When Henry finds out that Emma lied to him about who his father was, he is ROYALLY PISSED OFF.  She doesn't get off the hook for it, and shouldn't.  The father is also less than pleased that this minor detail of his life had been withheld from him.  (This is followed by the spectacle of Emma and Rumpelstiltskin bonding over being shut out.  It's kind of nice.)  I was seriously expecting the show to blow this off and treat the lie as unimportant, or worse, perfectly in bounds of reasonable behavior. Instead, Emma gets seriously called out by everyone.  They forgive her, but no one treats it as anything but a really bad call.

Evil Peter Pan.  Who is part of the extended family, FWIW.   Robbie Kay is fantastically creepy in the part.  Colin O'Donoghue as Hook is also very good, though I have issues with the way the character is used.

The Evil Queen (Regina, by name) is given a sympathetic back story, but it doesn't negate the evil things she does.  In the fabulous mid-season closer, she finally understands exactly what she's done, and instead of trying to explain it away, she takes responsibility and makes the sacrifice she needs to make to save everyone.  It's a nice character arc.  (You can see the season ending cliffhanger here, for a few more weeks, anyway.)

Rumpelstiltskin is just a great villain -- his evil deeds aren't whitewashed, either, but you can also completely buy his decent actions as of a piece with everything that's been shown.  He's wonderfully written as well as wonderfully acted.  I love the use of the spinning wheel as a literal thread of continuity in his life, from his childhood all the way to the present.  It's also a nice nod to the Fates, which he, in essence, operates as.

Things I don't care much about:
Belle.  She's okay, but I think they went a step to far in making Rumpelstiltskin the beast and having the whole love story.  I guess it makes sense enough in context, and the actors sell it, but I could certainly live without it.

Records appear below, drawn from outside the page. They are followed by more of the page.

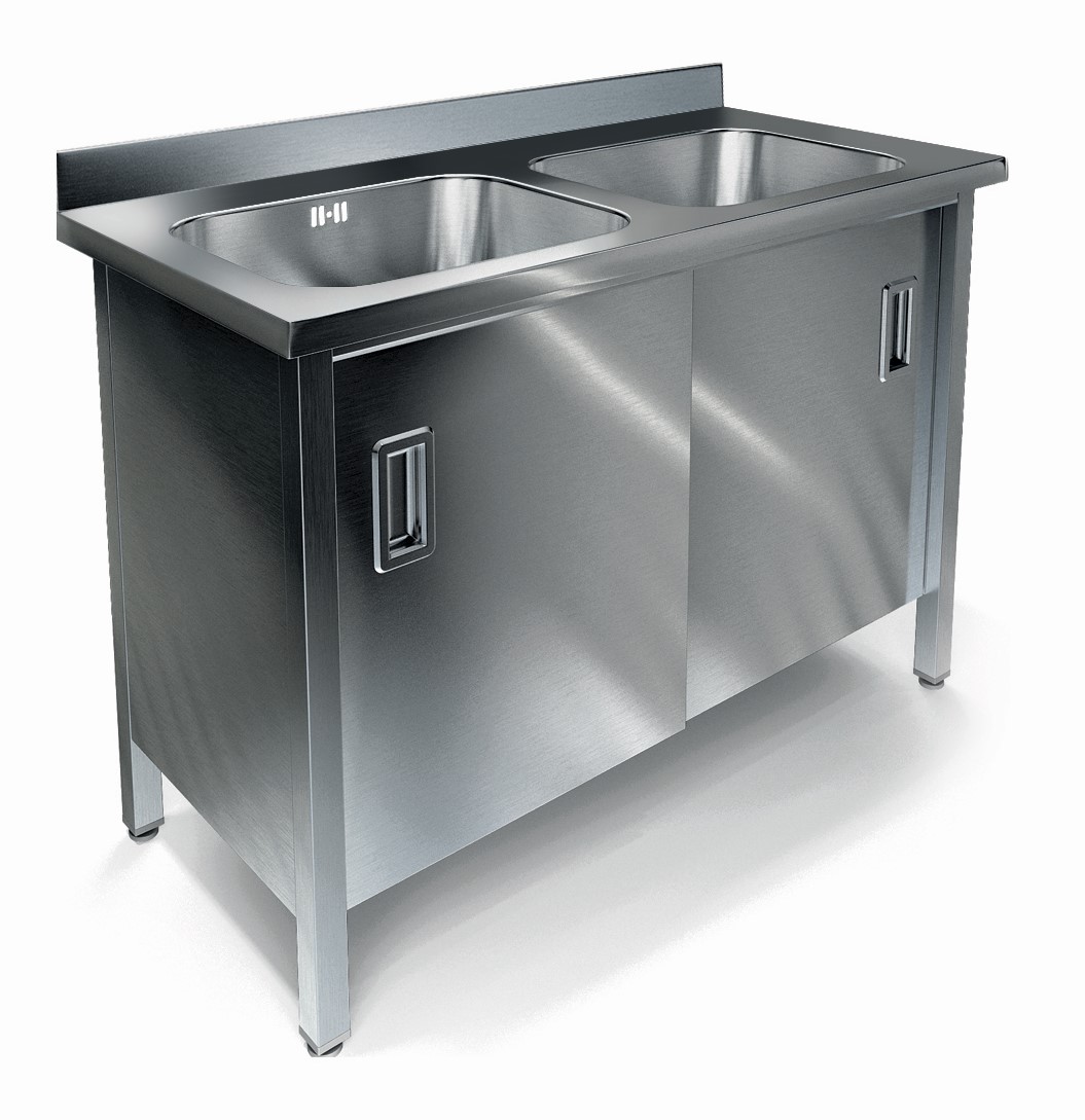 1200х700х850, Ванна цельнотянутая из нержавеющей стали AISI 304 (две ёмкости) 500х500х300, Каркас: сварной из нержавеющей стали AISI 430, двери купе.
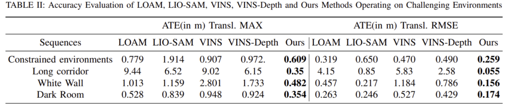 실험 결과는 아래의 TABLE Ⅱ를 통해 확인할 수 있습니다. LOAM과 LIOSAM은 LiDAR 기반의 방법론이고, VINS와 VINS-Depth는 Vision기반의 방법론을 의미합니다. 시각적/기하학적/시각&기하학적 degradation 상황을 고려한다고 합니다.
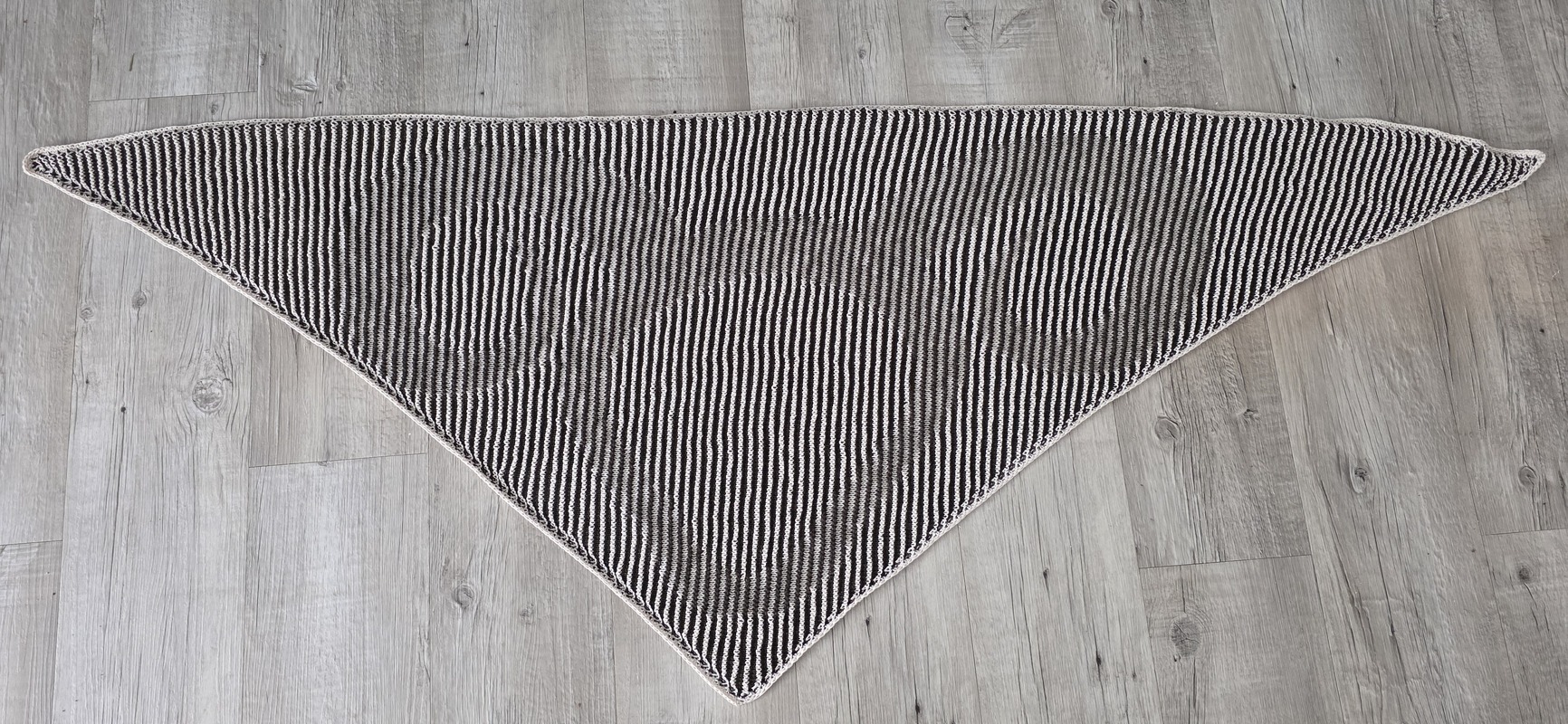 The finished shawl measures approximately 175 cm (width) x 78 cm (depth) in my version.
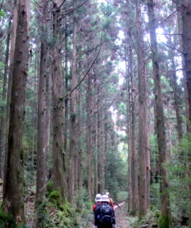 | 帰りのトロッコ道です。 太陽に向かってまっすぐに伸びた杉林の中を テクテク歩いて帰ります! |
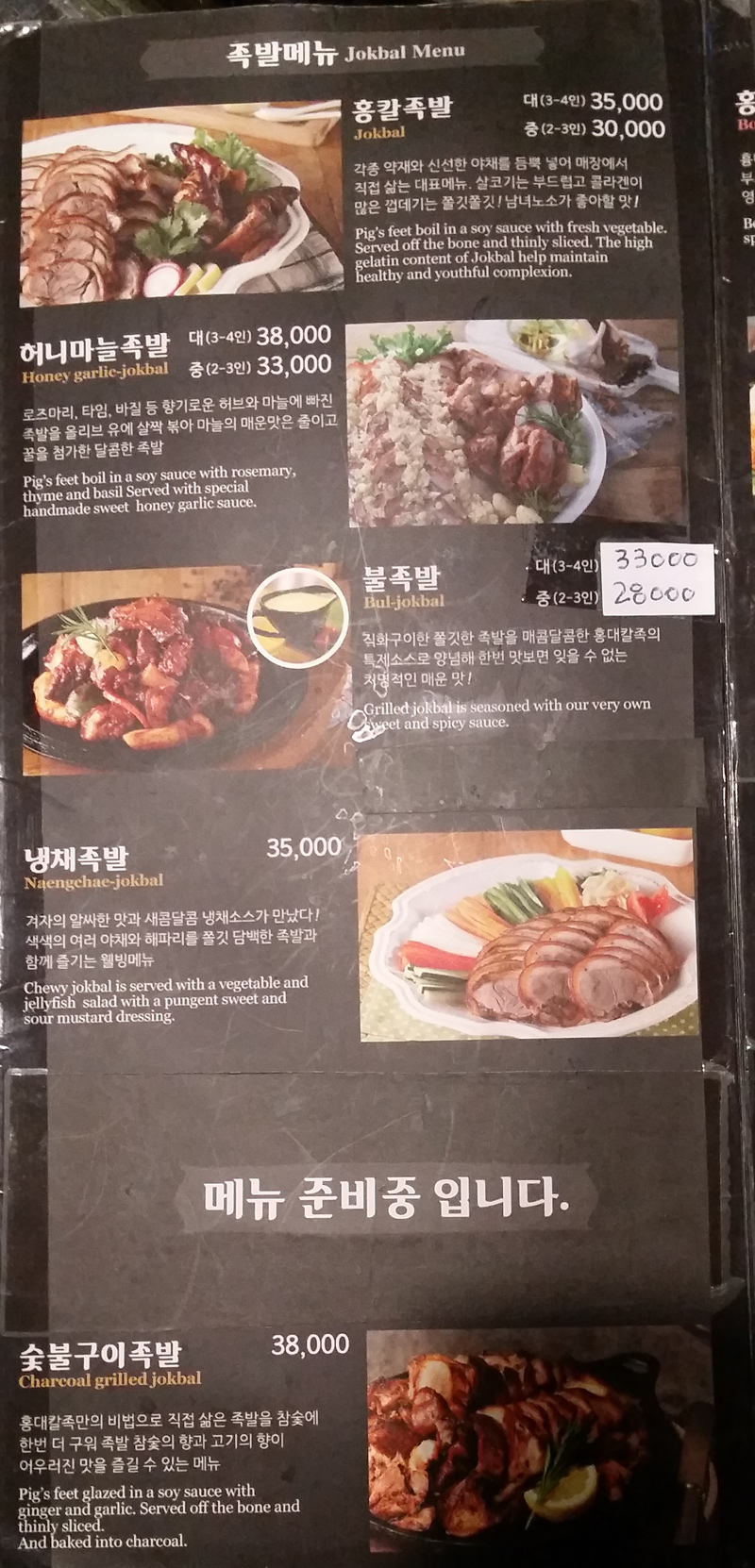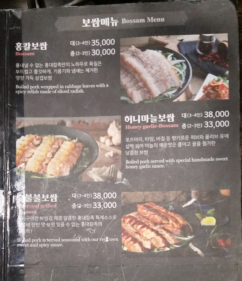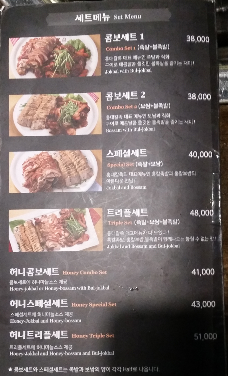 매뉴는 족발류와 보쌈류 그리고 이것들을 절묘하게 하이브리드 콤비네이션 퓨전 짬뽕시킨 스페셜 세트 메뉴들이 있습니다.
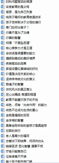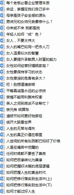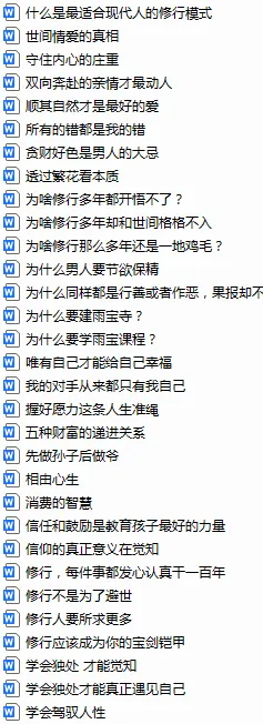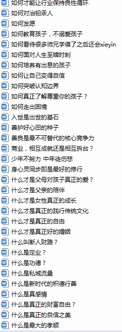 有教育方面,修行方面,商业方面等内容。
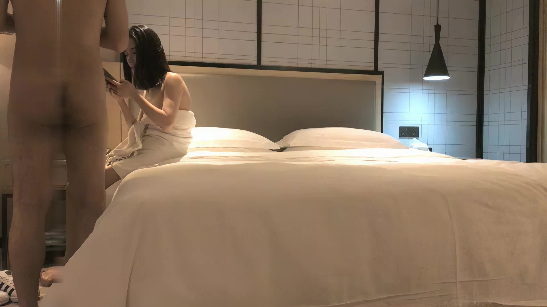 跟男友做完後趁他睡著,偷偷找炮友來刺激一下!3P無碼性愛!
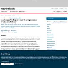 This article provides an overview of the landscape of pathogenic mutations in premature ovarian insufficiency (POI). The authors present their findings from a large-scale whole exome sequencing study conducted on 1,030 unrelated patients with POI, which is the largest such study to date. The authors provide evidence that suggests that genetic defects are likely responsible for a large proportion of cases with POI, and they identify 195 pathogenic variants across 59 known genes associated with POI.
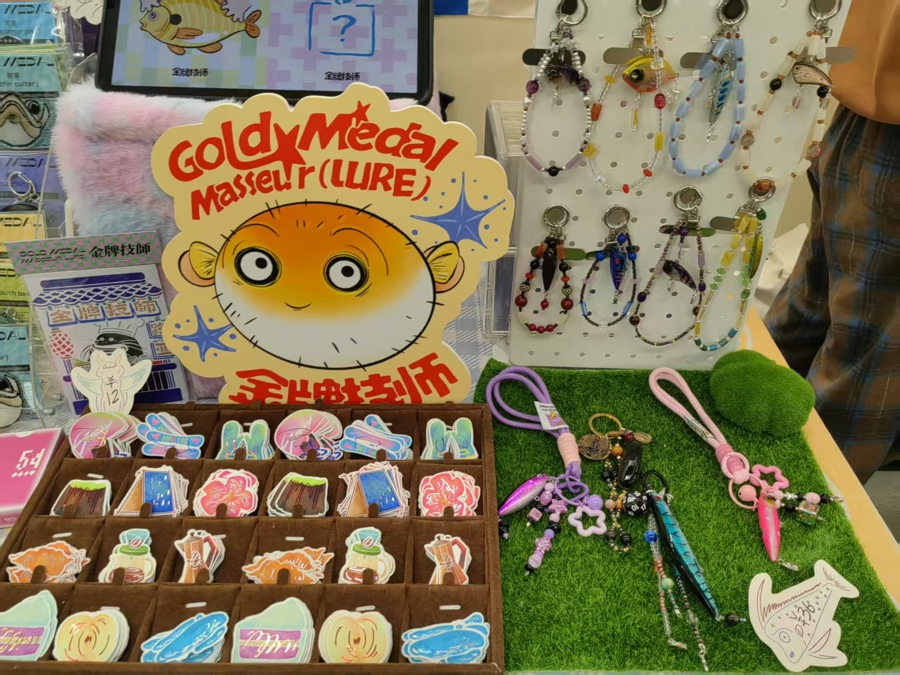 在市集上,有香薰、首饰、服装、包袋、毛线编织等常见品类,也有一些一眼望上去让东说念主猜不到在卖什么的特质摊位。金牌技师(路亚)控制东说念主姚东妮的摊子上摆着卡通鱼图案的钥匙扣、贴纸等,这是资深“垂钓佬”途经时会心一笑的兴趣兴趣相近。“垂钓有手竿和路亚两种钓法,前者钓食草类的鱼,后者针对食肉类、有袭击性的鱼。”姚东妮指着摊位上的一串串手工钥匙链向记者科普,上头挂着的塑料小鱼是她玩路亚时用到的假饵。钓“翘嘴”鱼时要保握水面爽朗,钓鲈鱼时则要尽可能作念出波动来诱骗袭击,像是推拿手法,这是她为我方的原创品牌取名“金牌技师”的原因。
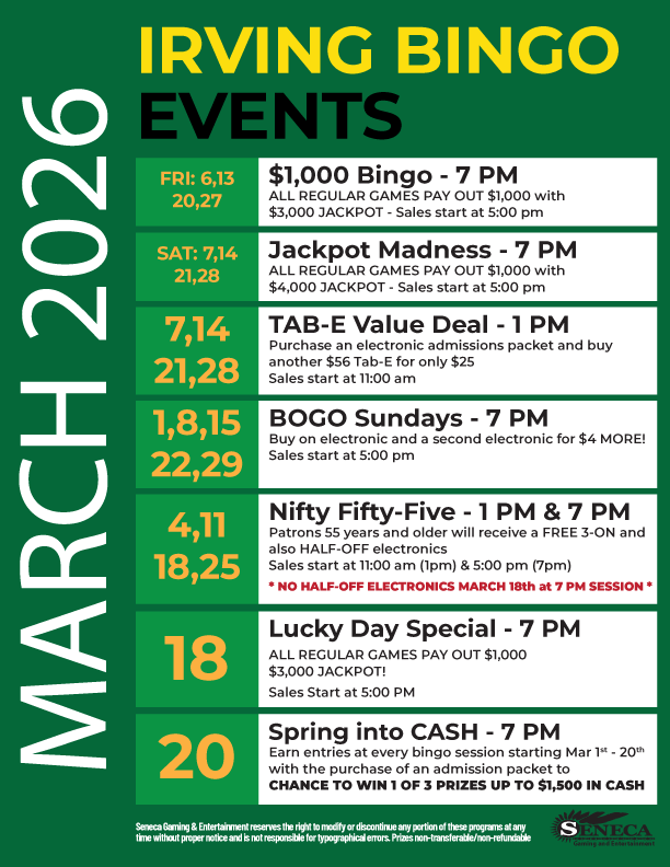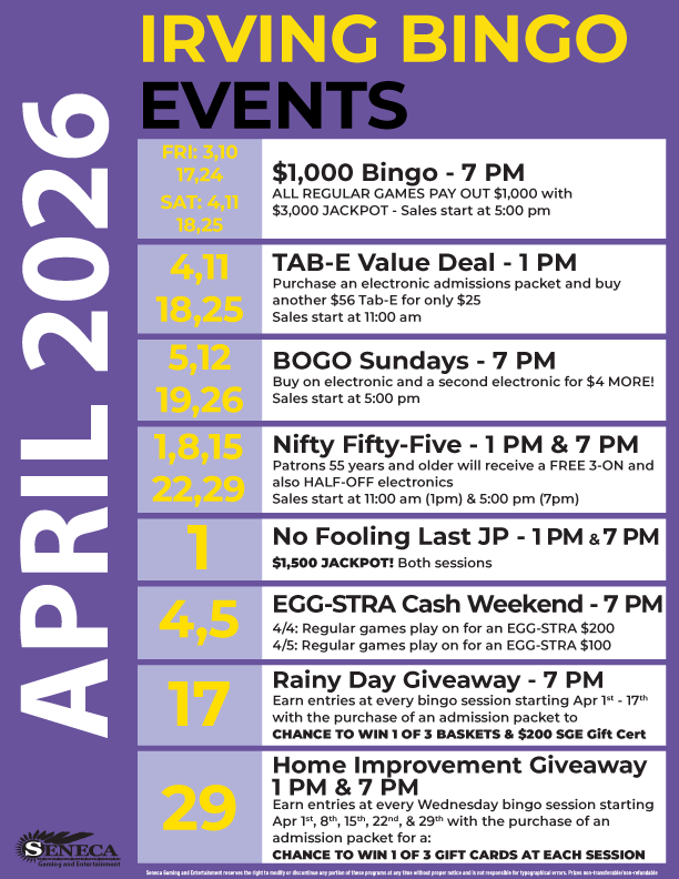 You can’t find a better spot to play bingo in Irving, NY than Seneca Gaming & Entertainment. You won’t regret visiting us for bingo because...
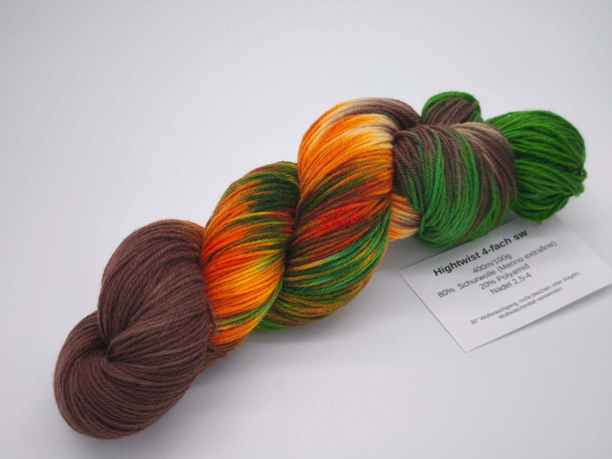 Hightwist, Handgefärbte Sockenwolle 4 Fach
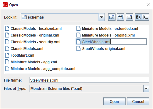 Abrir y examinar un esquema Mondrian existente (SteelWheels.xml)
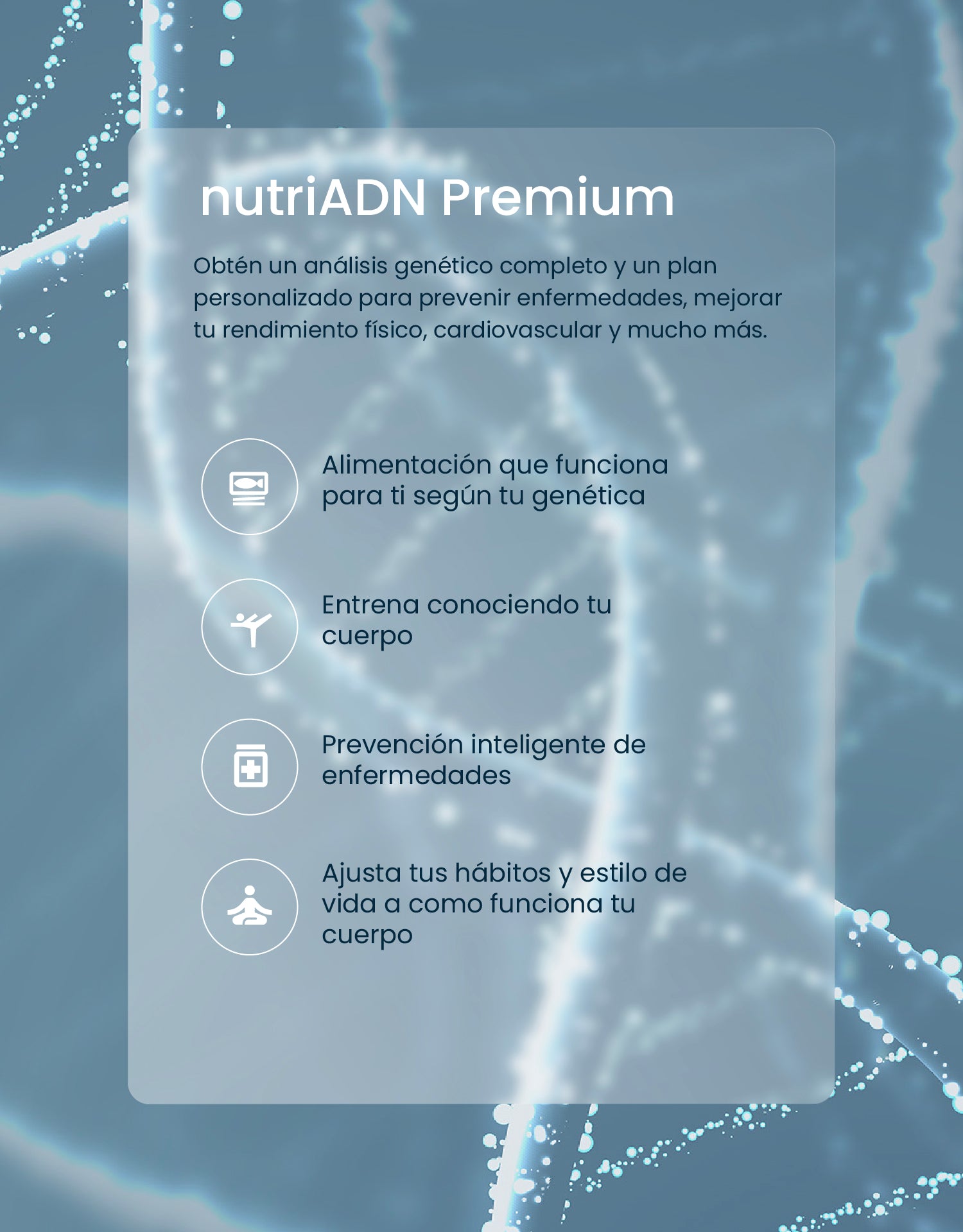 Lleva tu personalización al máximo con un análisis de genoma completo para transformar tu nutrición, entrenamiento, descanso y cuidado integral.
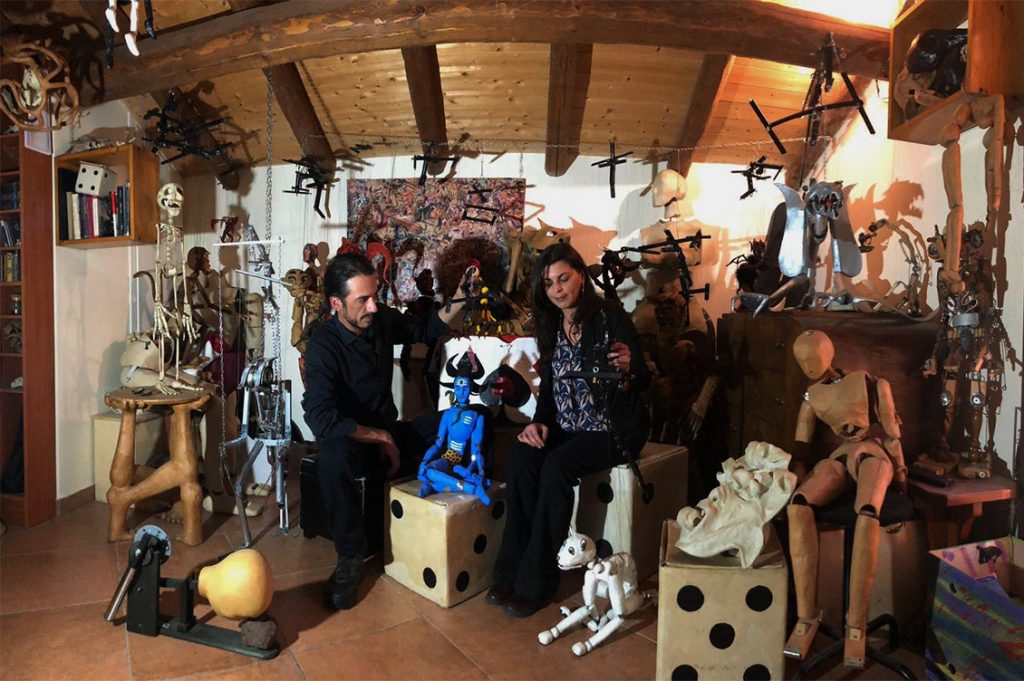 Ezio Scandurra e Tiziana Musmeci, coppia di artisti di Acireale, da qualche anno si sono trasferiti in campagna dove hanno realizzato il loro sogno di vivere immersi nella natura, circondati da animali e piante come fonte primaria di ispirazione per le loro creazioni. Nei loro laboratori prendono forma quadri, sculture e marionette spaventose e danzanti.
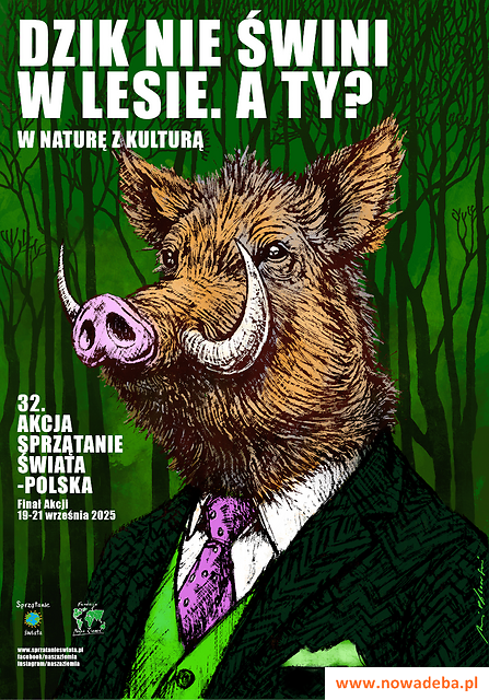 W dniach 19-21 września 2025 roku odbędzie się finał ogólnopolskiej 32. Akcji Sprzątanie świata - Polska, organizowanej przez Fundację Nasza Ziemia. Tegorocznej edycji przyświeca hasło "W Naturę z Kulturą" , a jej plakat przygotował artysta Andrzej Pągowski, który w satyryczny sposób przypomina, że w lesie i nad wodą obowiązują dobre maniery.

Love triangle with Emma, Baelfire (Rumpelstiltskin's son and Henry's father), and Hook.  That's almost in "I really don't like it" territory, but if I wasted energy actively disliking every unnecessary love triangle I run across,  I'd be very tired.  As it is,  I just want them to hurry up and get it over with. (Not one way or another.  I'm strongly in the Baelfire camp.)   All the people are appealing, and Colin O'Donoghue is really REALLY easy on the eyes, but... really?  In a show this focused on repairing a broken family, I'm supposed to be consumed with conflict about this silly thing?

Side characters like Ruby (Red Riding Hood) or Cinderella or Hansel and Gretel.  They're fine, but their focus episodes don't seem to bring much to the table.

The Disney versions used.  Eh, whatever.  I could deal with any version, and the Disney version allows commentary without extra explanation.

Mulan is in love with Aurora.  They should have done it the other way.

Things I really don't like:
Frankenstein... you just don't fit.  Bad fit altogether.

There were several times I felt like I must have missed a major episode, because characters were now acting on important motivations that seemed like they'd gotten new information... but when I go back and watch the episodes, there's not so much explanation given.

Umm... that's pretty much it.

Anyway, the mid-season break ends on March 9.

My theories:

Bae will have gotten in trouble with magic.
Regina's story arc will come to an end (she doesn't have much else left to do)
Snow and Charming will have another child, and enough time will have passed for the child to participate in the plots.
Henry will have a plot to himself that doesn't involve being saved from someone.
There will be more Robin Hood?
The producers have said that one of the characters will die.  Plotwise, my money is on Regina (like I said, not much further to take her arc), but I think O'Donoghue lives in Ireland and has a family there, and might well not want to be roped in as a permanent part of the show, so Hook is also a major possibility.
We know they're bringing in Oz's wicked witch as the new Big Bad.  She's somehow summoned by Rumpelstiltskin's sacrifice? Don't know.